Willie Dowall

Personal information
- Full name: William Dowall
- Date of birth: 30 April 1907
- Place of birth: Thornliebank, Scotland
- Date of death: 1972 (aged 64–65)
- Place of death: Eastwood, Scotland
- Position(s): Utility player

Senior career*
- Years: Team / Apps / (Gls)
- Kilbirnie Ladeside
- 1929–1935: Motherwell / 118 / (43)
- 1934–1935: → St Mirren (loan) / 15 / (1)
- 1935–1936: Bury / 10 / (2)
- 1936–1937: Lincoln City / 5 / (0)
- 1937–1938: Red Star Paris
- 1938: Ballymena United
- 1938–1940: Notts County / 6 / (0)

= Willie Dowall =

Scottish footballer (1907–1972)

William Dowall (30 April 1907 – 1972) was a Scottish footballer who played in several positions, though mainly centre forward or right back.
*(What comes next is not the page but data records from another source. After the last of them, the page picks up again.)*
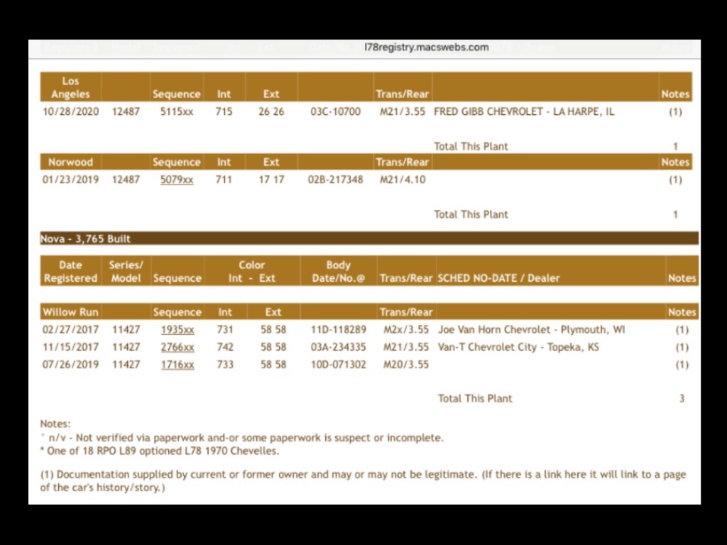 Auction details note Darren as a past owner also Original Build Sheet. The L78 registry includes the Gibb detail too so probably not new info? Did Darren originally get this car from you Stefano or some connection? ![]() ![]() ~ Pete .
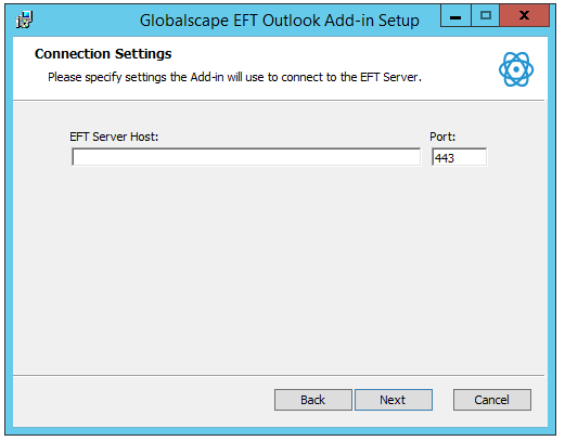 Specify the EFT Server Host (URL) and Port, then click Next.
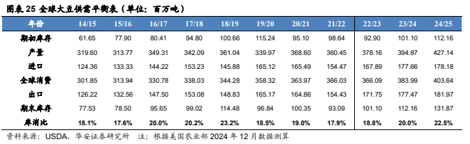 美国农业部 2024 年 12 月预测:2024/25 年,全球大豆产量 4.27 亿吨,较 23/24 年度增加 3,227 万吨,预测值环比增加 174 万吨;全球大豆消费量 4.04 亿吨,较 23/24 年度增加 1,965 万吨,预测值环比增加 136 万吨;全球大豆期末库存 1.32 亿吨,较 23/24 年度增加1,971 万吨,预测值环比增加 13 万吨;库消比 22.5%,较 23/24 年度上升 2.54 个百分点,预测值环比下降 0.04 个百分点,处于 19/20年以来最高水平。贸易方面,2024/25 年,全球大豆出口量 1.82 亿吨,较 23/24 年度增加 450 万吨,预测值环比增加 26 万吨。
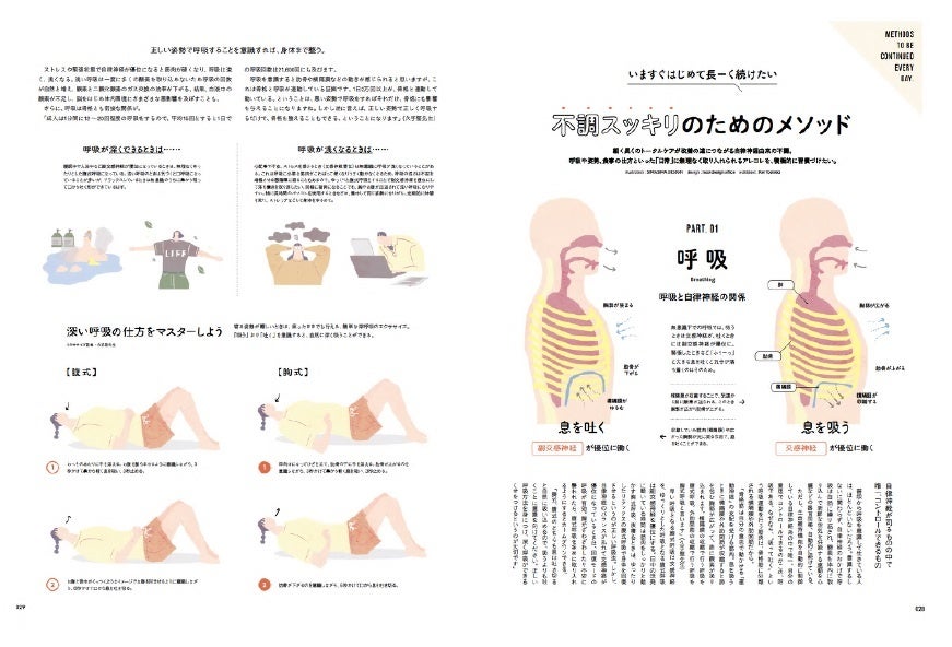 細く長く続けるトータルケアが改善の道につながる自律神経由来の不調。呼吸や姿勢、食事の仕方は、実は「自律神経」と密接な関係にある。これらを整えることで、“何となく不調”から脱することが可能に。日常に無理なく取り入れられる呼吸法や姿勢リセット、食生活の改善方法をたっぷり指南。これらのメソッドを積極的に習慣づけてパワフルに過ごそう!
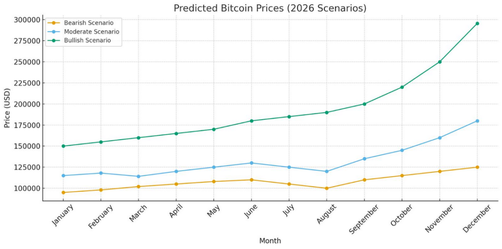 (Recommended: Bitcoin price scenario projection chart showing bullish vs bearish paths)Insert Figure 2 Here
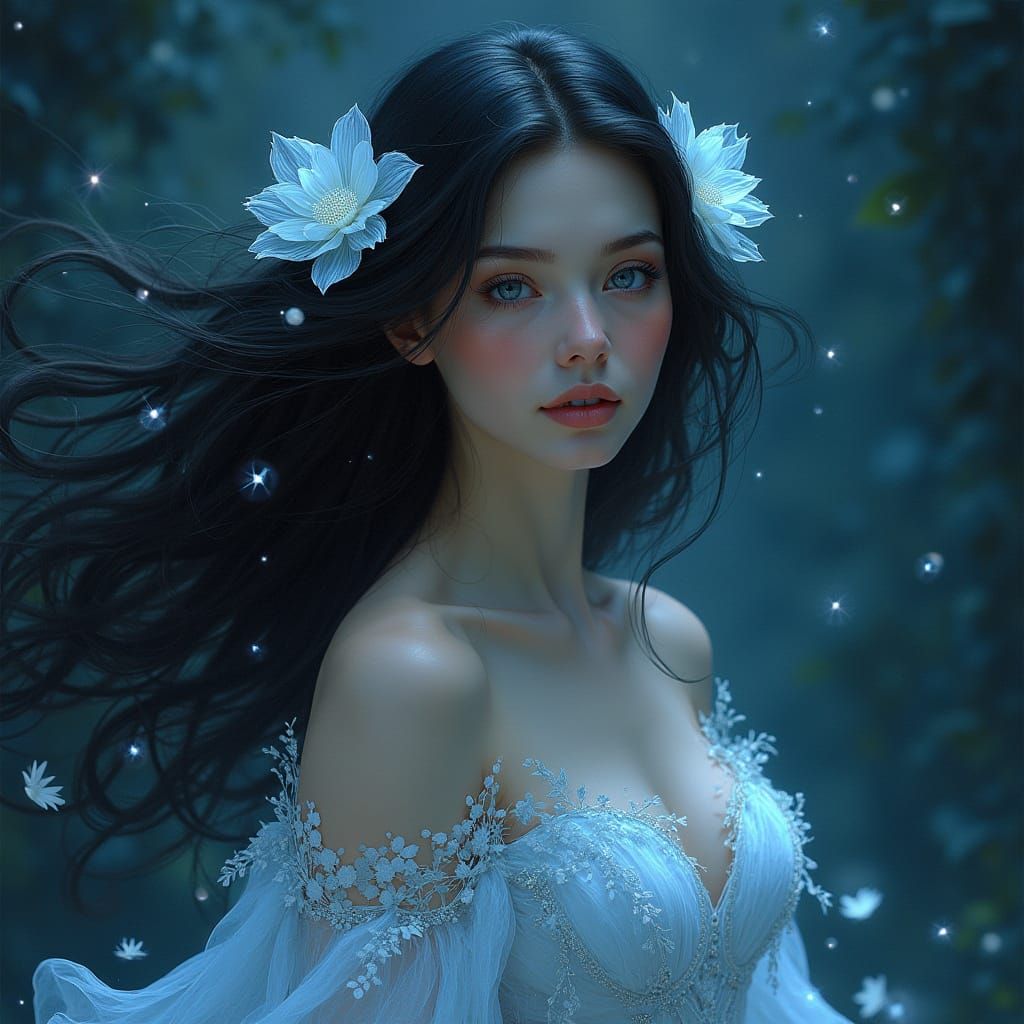 This image shows a beautiful woman with flowing hair adorned with glowing flowers, surrounded by a soft, ethereal light. The painting features intricate details and a sense of elegance reminiscent of Renaissance art, with a touch of Art Nouveau flair and fantastical realism.
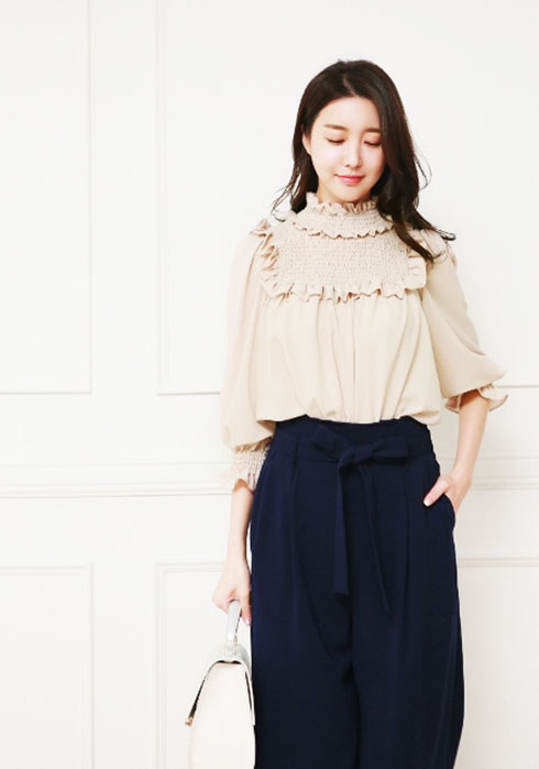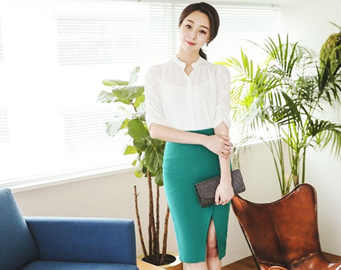 Những chiếc sơ mi vai bồng sẽ mix hợp gu nhất là chân váy bút chì hoặc chân váy xoè nữ tính, phần vai bồng thược được thiết bằng chất liệu vài khác thân áo để tạo điểm nhất khác biệt
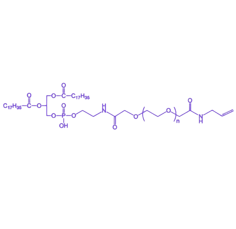 DSPE-PEG-ACA(二硬脂酰磷脂酰乙酰胺-聚乙二醇-丙烯酰胺)是一种具有明确结构的功能性两亲性高分子材料,由磷脂基团、聚乙二醇链段与丙烯酰胺活性基团通过共价键连接而成,在生物医用材料领域展现出独特的应用潜力。 该产品的分子结构以**1,2-二硬脂酰-sn-甘油-3-磷酸乙醇胺(DSPE)** 作为疏水端,通过酰胺键与亲水性**聚乙二醇(PEG)** 链段偶联,末端修饰有**丙烯酰胺(ACA)** 功能性基团。这种双亲分子设计赋予其在水性介质中自组装形成稳定纳米结构的能力,且PEG链段可有效改善材料的生物相容性与血液循环半衰期。丙烯酰胺基团的引入为材料提供了便捷的共价修饰位点,可通过自由基聚合或点击化学反应实现与其他功能分子的偶联,适用于药物递送系统的构建、生物分子固定化及纳米载体表面功能化等应用场景。其理化性质可通过调整PEG分子量与脂质链长度进行精确调控,满足不同应用对粒径分布、表面电荷及稳定性的特定需求。
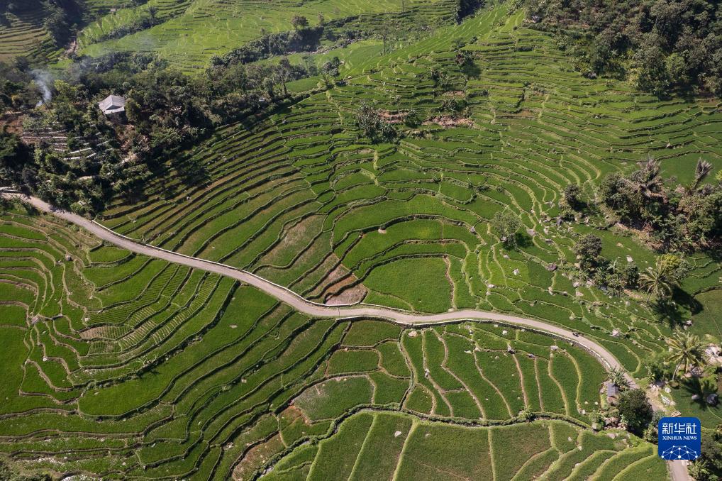 這是7月20日在印度尼西亞西爪哇省茂物地區的鄉間拍攝的稻田(無人機照片)。當前正值稻米收穫季。
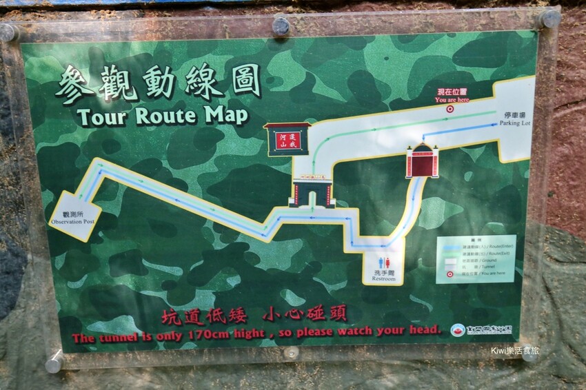 相當隱密的坑道設有槍堡、軍事設施以及3座高倍率的望遠鏡可以看到對岸的人文風光。
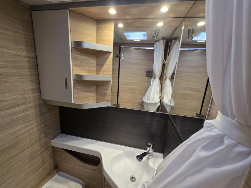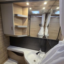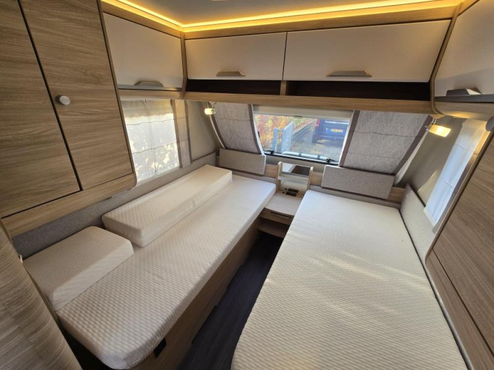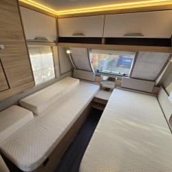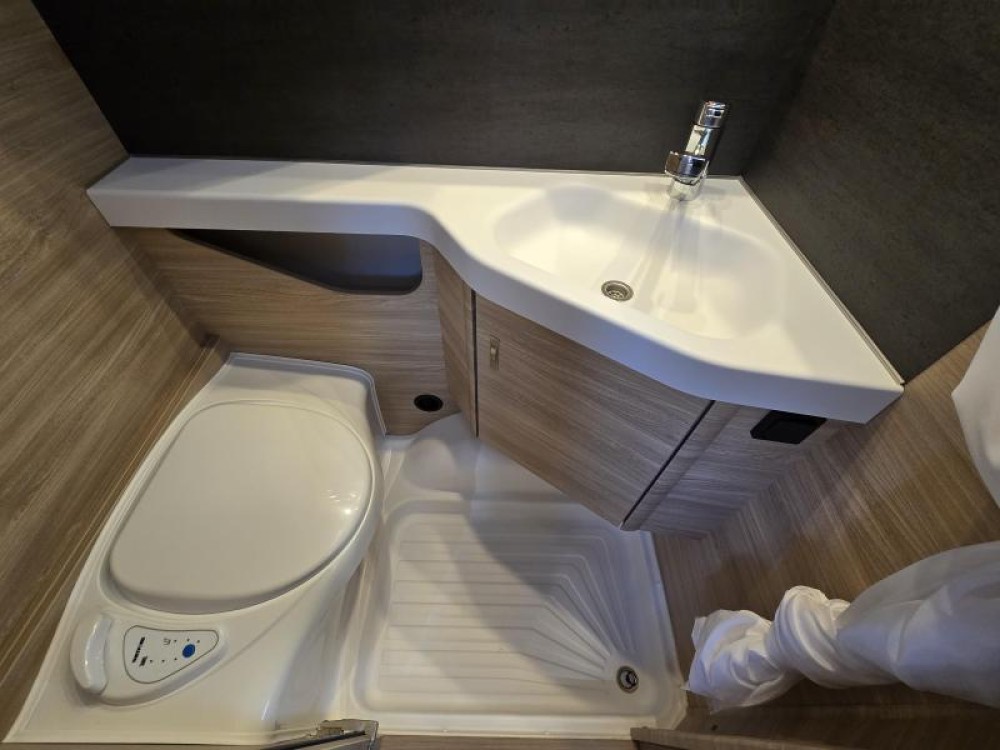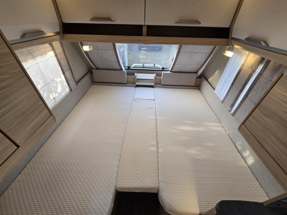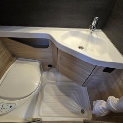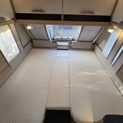 Slapen doet u op de 2 aparte bedden, die borg staan voor extra ruimte en een makkelijke instap. Dankzij de pocketveringsmatrassen en lattenbodems op de bedden kunt u genieten van een extra comfortabele ligging. De badkamer biedt gelegenheid om u aan de wastafel op te frissen en er is tevens een cassettetoilet. Ook is de caravan uitgerust met een douchegelegenheid, zodat u aan boord kunt douchen.
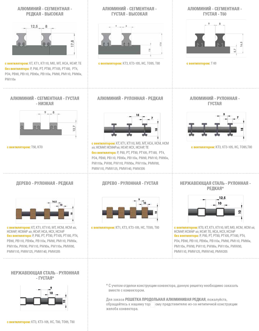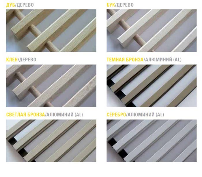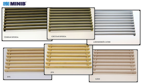Решетки для конвекторов Minib имеют большой выбор исполнения и поперечная решетка может быть покрашена в любой цвет по по палтитре RAL, у продольной решетки только стандарная палитра: темная бронза, светлая бронза, серебро.
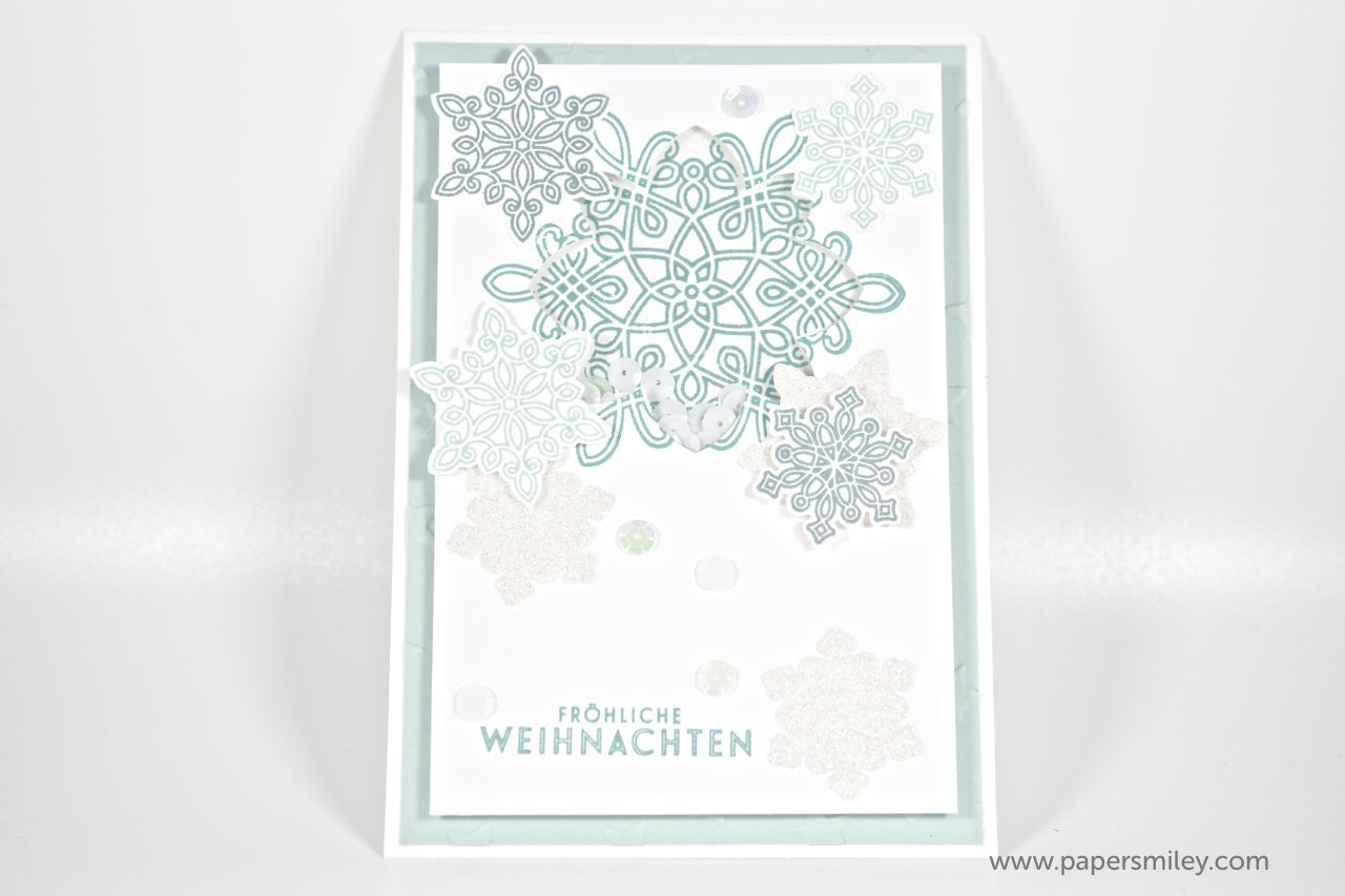 …und hier ist die zweite Schüttelkarte. Diesmal mit Schneeflocken aus dem neuen Stempelset Flockenzauber. Gefüllt ist sie wieder mit weißen Pailletten, die selbst ein bisschen wie Schneeflocken aussehen 🙂
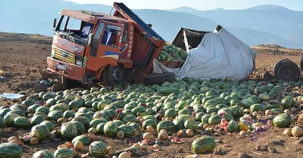 Kaza, sabah saatlerinde İslahiye-Nurdağı karayolunun 7'nci kilometresinde meydana geldi. Nurdağı'ndan yüklediği 13 ton karpuzu Hatay'a götüren İbrahim Yıldız (63) yönetimindeki 31 HZ 106 plakalı kamyon, sürücüsünün kontrolünden çıktı ve bariyerlere çarparak yol kenarındaki araziye devrildi. Sürücünün yara almadığı kazada, devrilerek hasar gören kamyonun kasasındaki karpuzlar da araziye savruldu. Araziye saçılan karpuzlar, çağırılan başka bir kamyonla Hatay'a gönderilirken, kaza yapan kamyon ise çekici ile kaldırıldı.
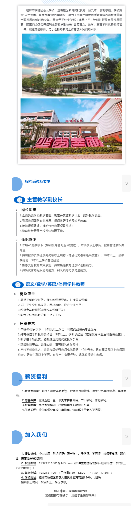桂林市臨桂區(qū)會元學(xué)校小學(xué)部(博元小學(xué))2025年教師招聘公告?
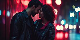 Two Individuals in Black Leather Jackets Standing Close Together in an Urban Setting at Night, Against a Backdrop of Street Lights and Figures Creating a Bokeh Effect with Warm and Cool Tones
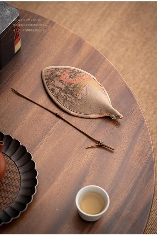 茶則 中国式 竹製 藤編み 漆塗り 緞子 葉型 箕型 茶荷 茶匙 茶撥 茶葉用 上品 高級感 手作り アジアンテイスト 茶道 茶器 小物 おもてなし ティー用品
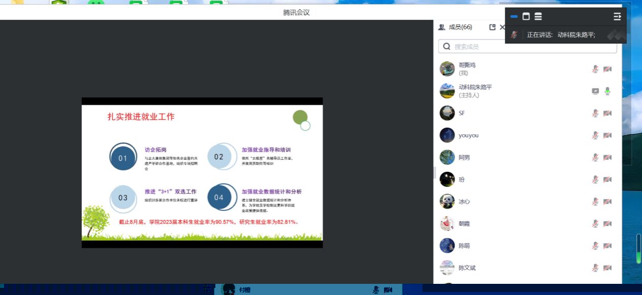 會上,朱路平結合學校規劃目标和工作重點,對學院上半年各項工作進行了回顧和總結,梳理介紹了學院下半年的工作重點,并就做好新學期工作提出了要求。她指出學院的發展壯大離不開全體教職工共同努力,鼓勵全體教職工以主題教育生動成效促進工作提升,将個人職業發展與學校發展相結合,凝心聚力為實現學校“申博”“更名”“十四五”規劃美好藍圖貢獻動科力量。
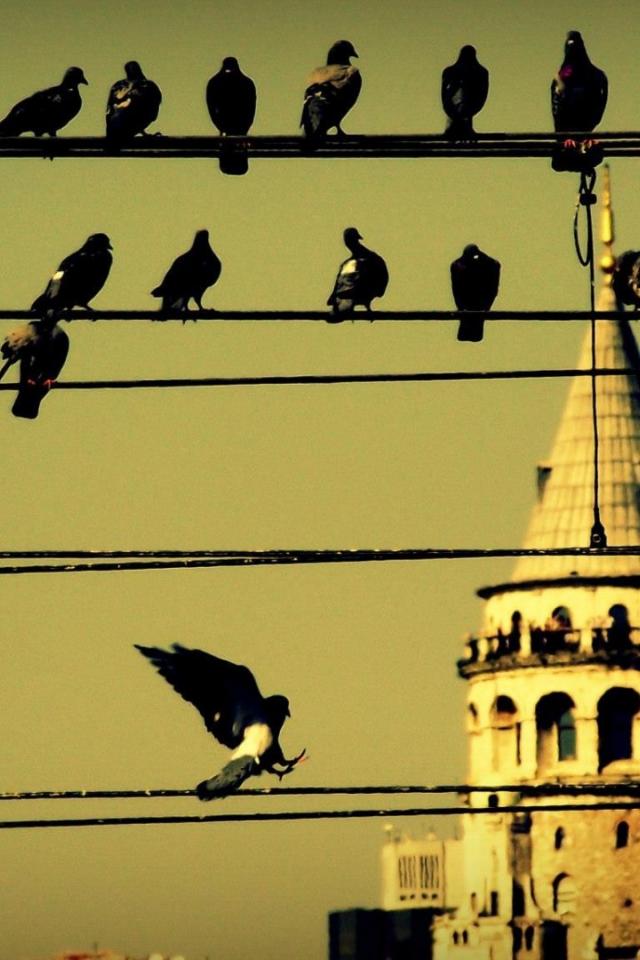 Wallpaper Pigeons on wires in Istanbul

He made over 100 Scottish Football League appearances for Motherwell during the early 1930s, the most successful period in their history in which they won the league title in 1931–32 and finished in the top three places in the two years either side of that triumph. Motherwell also reached two Scottish Cup finals (1931 and 1933, losing both) but Dowall did not play in either, with injuries interrupting his progress to an extent, as well as his ability to play in several roles which meant he was moved around to accommodate the team's needs but never became fully established in one position.

After a loan spell with St Mirren, Dowall left Scottish football in 1935 and joined Bury, later moving to Lincoln City. He then spent a season in France with Red Star Paris and one in Northern Ireland with Ballymena United, switching back to England with Notts County shortly before the outbreak of World War II.